Before they could negotiate the price of inattention, the sound of the upper door crashing open brought all the work-music to silence. At the top of the stairs stood Móravn, garbed for travel, his pleasant face twisted in ugly fury. Half of what he shouted into the stillness was swallowed in stony echoes; the words she could catch were hard to string together, but she eventually gathered that he felt that the Order was deliberately avoiding teaching him the arts he came to learn, to keep him a slave to their decadent and licentious whims. A final roar ending in “—cocksucking frauds!” finished with the crash of the door slamming shut again.

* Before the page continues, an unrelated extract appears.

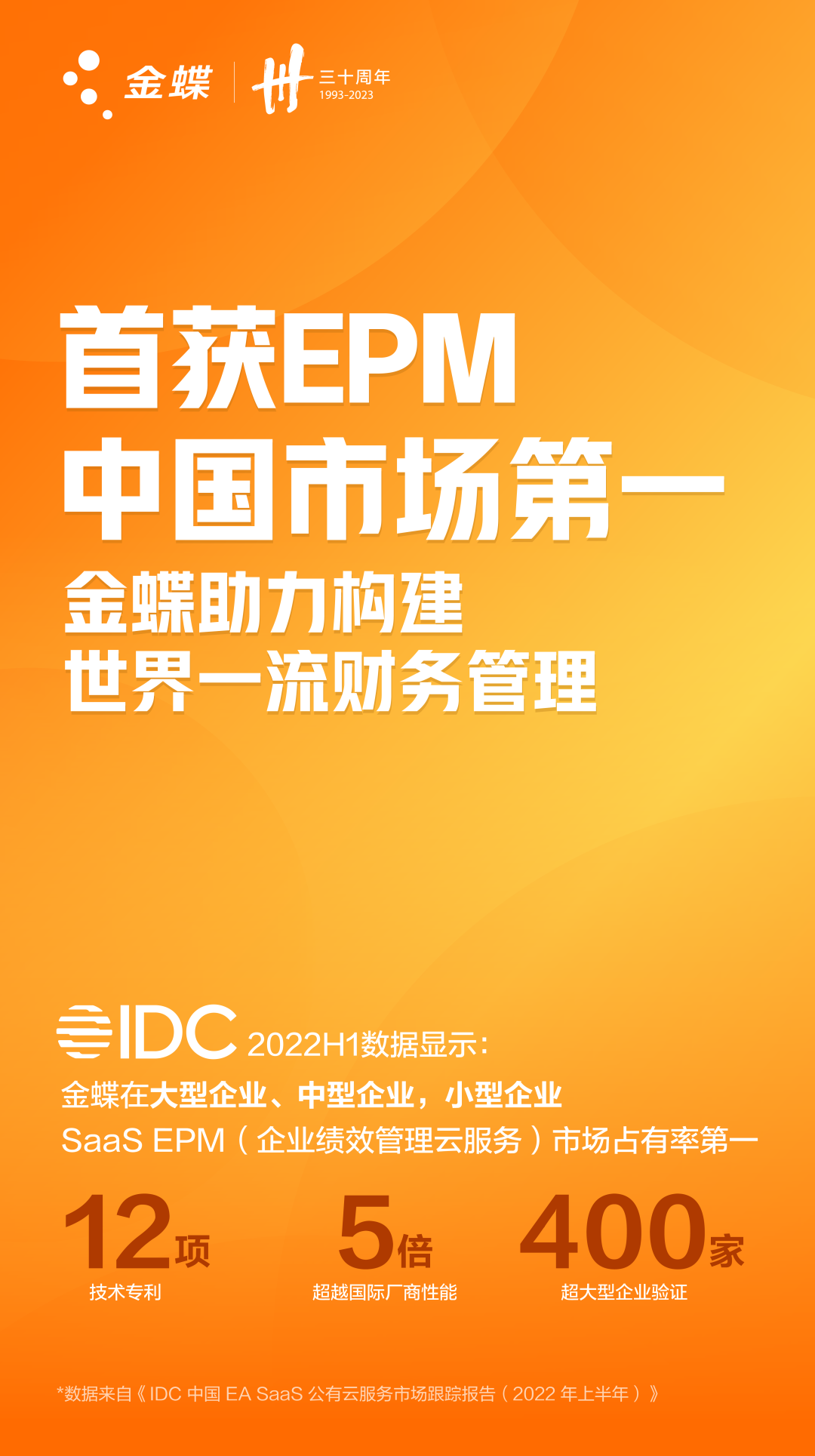 世界一流,中國第一!金蝶EPM奪冠IDC中國企業績效管理云市場!

Conversation resumed slowly, as Caltern hauled his bulk up the stairs and out.

“Huh. And I thought I had a temper,” Rory murmured softly. “Ravn’s cooked himself one fine dish of crow to eat.”

“Could it be true, about them not teaching him, I mean?”

Rory grinned, but the smile had a wistful kink in it. “It probably is true. Sugar, you can’t just saunter in here and learn whatever you choose, you learn what the Masters bloody well want you to learn—or nothing, I guess. Ravn’s problem is, he doesn’t trust them. Me, now: I want to be the finest, fastest, deadliest warrior in the North, same as Ravn or anyone; but I figure, they want me to be that, too! It’s in their best interests, isn’t it, to surround themselves—cover their backs—with the best? So if they set me up to learn something maybe I don’t like, like,” he paused, his mouth working around something bitter, “like I can’t be trusted on account of my temper, well, holy moon tits, maybe I’d better learn it, ’cos that’s a big hole in my, let’s say nature, that somebody could maybe use against me someday. But it isn’t pretty, Sugar. Listen, people say we get possessed by demons at knighthood. That’s a hell of a joke: if anything, we get unpossessed! Demons aren’t ‘things’ that come and get you, they’re just a way of thinking about these, call ’em holes in your soul—”

Unable to resist, Rothesay solemnly lifted one bare foot and inspected the bottom. Rory snorted and yanked her braid for revenge.

“Anyway,” he went on, tossing his head towards the stairs, “I figure Ravn’s just gotten a good hard look at a ‘demon’ he doesn’t want to own up to, and now he’s running scared. It happens. Hope the meathead doesn’t get into too much trouble before he figures out he’s running from his own shadow. Here, let me help you finish that up: company for supper tonight.”

He seemed to have forgotten he had won a Ghost claim. She did not remind him.